Because they've made reference counting a part of their C extension API and ABI. If they wanted to use a GC, they'd instead need a very different API, and then migrate all the modules to the new API. (I.e. a way for those native extension to register/unregister memory addresses containing pointers to Python objects for the GC to see.)

Early on the deterministic deallocation given by reference counting would also have been treated by programmers as a language level feature, making it so that a migration would have broken working code. But I don't think that was ever actually guaranteed in the language spec, and anyway this was not carried over to various alternative Python implementations.

eru

Yes.

In Python reference counting precedes tracing garbage collection.

So they didn't 'go through the hassle of implementing reference counting' after they already had tracing garbage collection.
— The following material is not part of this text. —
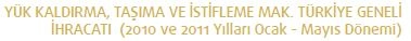 Makine ve aksamları ihracatımızın en önemli kalemlerinden biri olan yük kaldırma, taşıma ve istifleme makineleri ihracatımız 2011 yılının Mayıs döneminde artış kaydetti. Geçtiğimiz yılın Mayıs dönemi ile karşılaştırıldığında değer bazında yüzde 46,8 yükseldi. Değer olarak ise 2010 yılının Mayıs döneminde 55 milyon 662 bin dolar olan yük kaldırma, taşıma ve istifleme makineleri ihracatımız, 2011 yılının Mayıs döneminde ise yüzde 46,8 oranında artarak 81 milyon 708 bin dolar oldu. Yük kaldırma, taşıma ve istifleme makineleri ihracatımızın en fazla olduğu yer ise Rusya Fed. oldu. Söz konusu yere 2011 yılının Mayıs döneminde 8 milyon 972 bin dolarlık yük kaldırma, taşıma ve istifleme makineleri ihracatı gerçekleştirildi. Bu mal grubu içerisindeki en büyük ikinci ihracat pazarımızın ise İran olduğu görülüyor. İran’a 2010 yılının Mayıs döneminde 3 milyon 802 bin dolarlık yük kaldırma, taşıma ve istifleme makineleri ihracatımız söz konusu iken 2011 yılının aynı dönemine gelindiğinde 7 milyon 325 bin dolar ihracat düzeyi yakalandı. Yük kaldırma, taşıma ve istifleme makineleri ihracatımızın üçüncü en büyük pazarı ise Irak oldu. Irak’a 2010 yılının Mayıs döneminde 3 milyon 776 bin dolarlık yük kaldırma, taşıma ve istifleme makineleri ihracatımız söz konusu iken 2011 yılının aynı dönemine gelindiğinde 5 milyon 711 bin dolara yükseldiği görüldü. Yük kaldırma, taşıma ve istifleme makineleri ihracatımızda dördüncü sırada Azerbaycan yer alıyor. Azerbaycan’a 2010 yılında 4 milyon 453 bin dolarlık ihracat gerçekleşirken 2011 yılında 5 milyon 711 bin dolar ihracat gerçekleşti. Yük kaldırma, taşıma ve istifleme makineleri ihracatımızın 2011 yılı Mayıs döneminde en fazla artış gösterdiği ilk beşte yer alan beşinci ülkenin ise Cezayir olduğu açıklandı. Cezayir’e 2010 yılında 1 milyon 669 bin dolar ihracat yaparken 2011 yılında 3 milyon 605 bin dolar ihracat gerçekleşti. Yük kaldırma, taşıma ve istifleme makineleri ihracatımızda değer bakımdan ise ilk üç sırada yüzde 497,2 değer artışı ile Rusya Fed. yer alıyor. Söz konusu ülkeden sonra yüzde 294,7 ile Romanya ve sonrasında yüzde 249,8 oranında yükselişle Fransa takip ediyor.
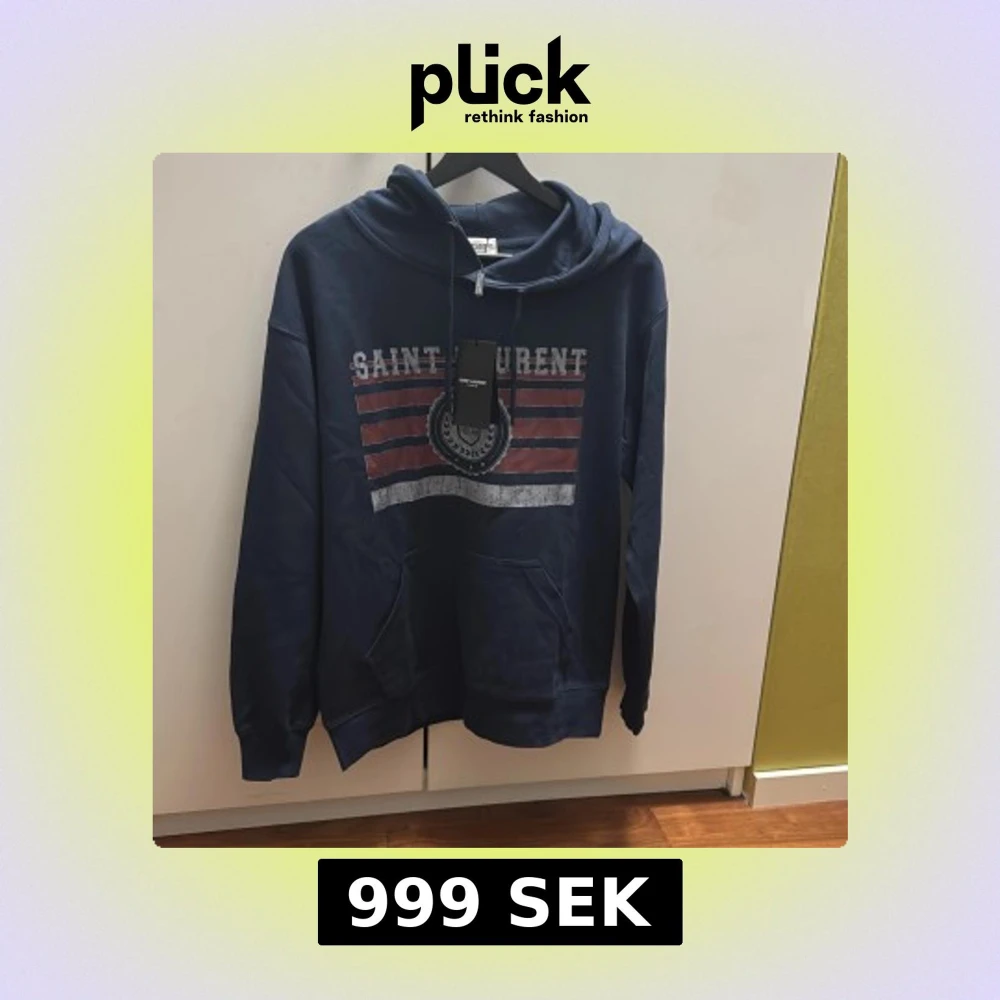 Säljer en mörkblå hoodie från Saint Laurent med tryckt logga och ränder i rött och vitt på bröstet. Tröjan har huva med snörning och en stor magficka. Perfekt för dig som gillar streetstyle och vill ha något snyggt och bekvämt.

Instead they went through the hassle of implementing tracing garbage collection after they already had reference counting.
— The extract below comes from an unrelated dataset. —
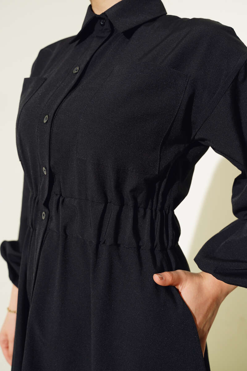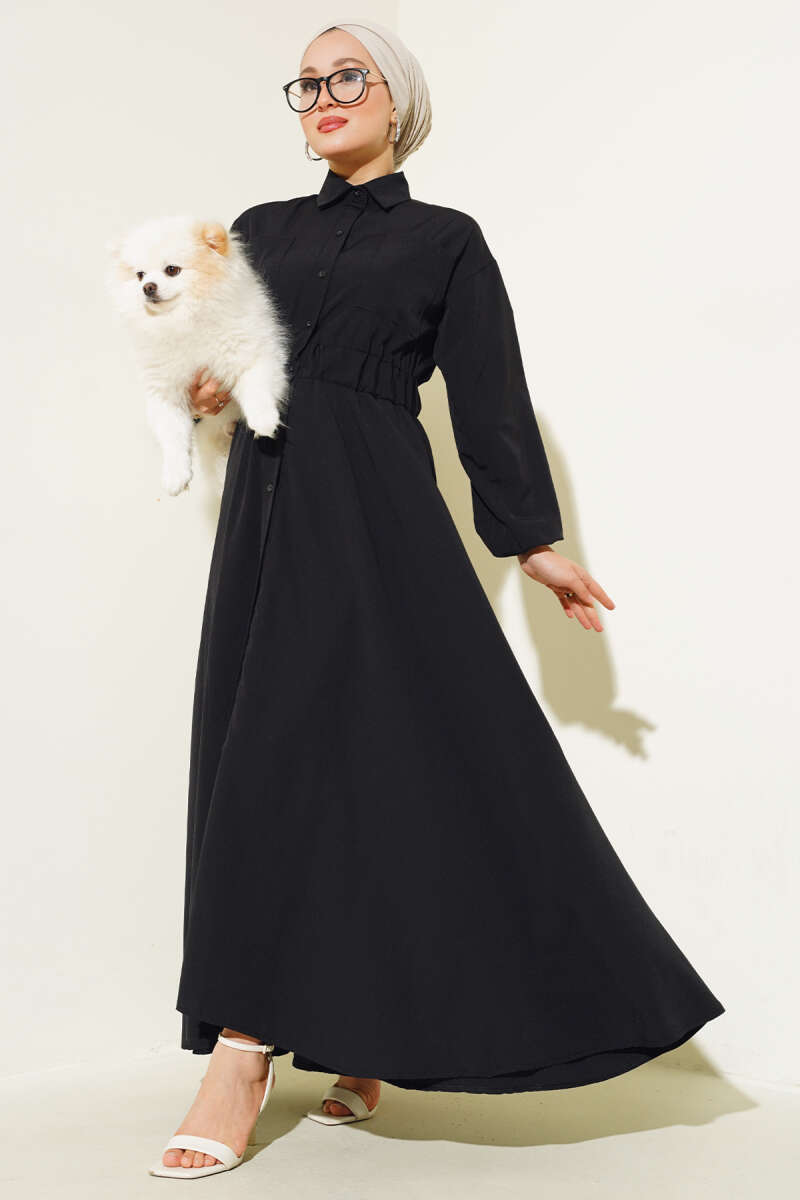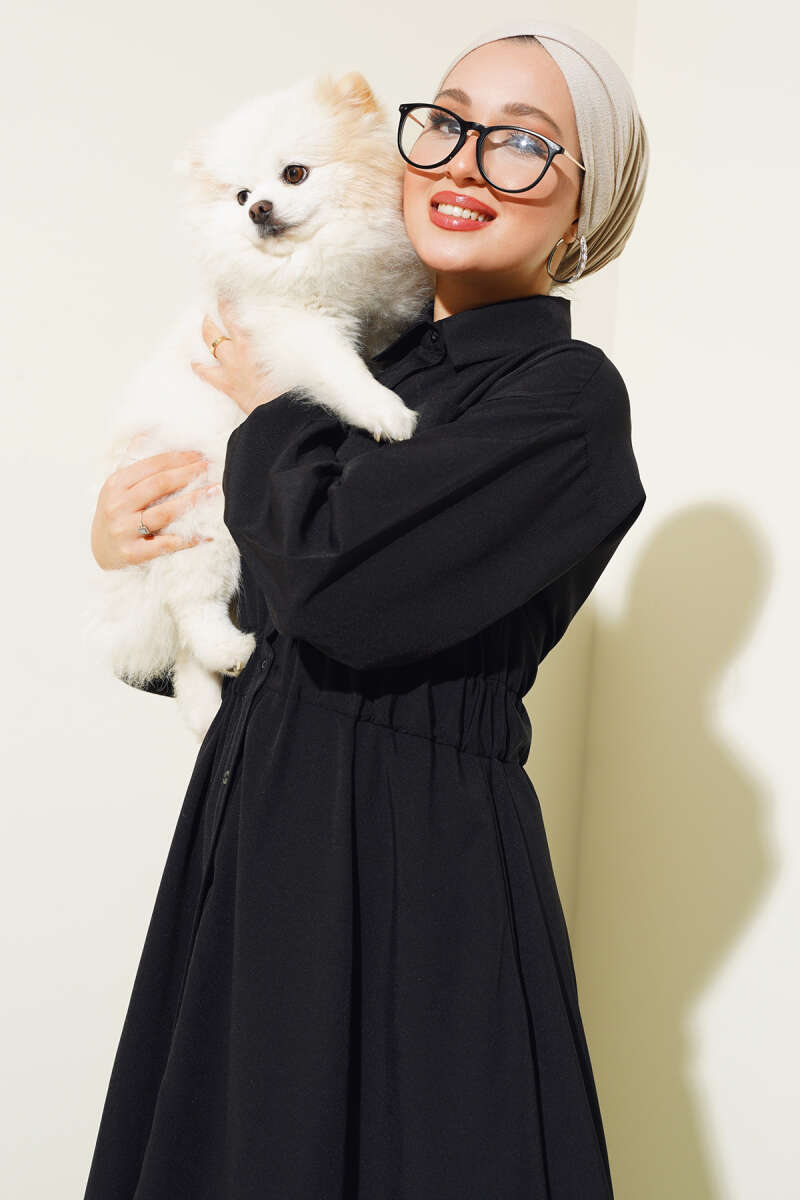 Brit Düğmeli Kuşaklı Elbise Siyah

(And as you say for backwards compatibility reasons, they can't get rid of reference counting.)

int_19h

It should be noted that the Python language spec explicitly says that refcounting, and the resulting deterministic cleanup, is an implementation detail of CPython, and not part of the Python language proper. Precisely so that other implementations like Jython or IronPython could just use GC without refcounting.

https://docs.python.org/3/reference/datamodel.html#objects-v...

So, idiomatic Python does not rely on this, and uses with-statements for deterministic cleanup.

But, of course, as with any language, there's plenty of non-idiomatic Python out in the wild.

eru

Yes, I know that I was referring to a detail of CPython when I said 'Python' in general. Alas, in practice Python really is CPython, more or less.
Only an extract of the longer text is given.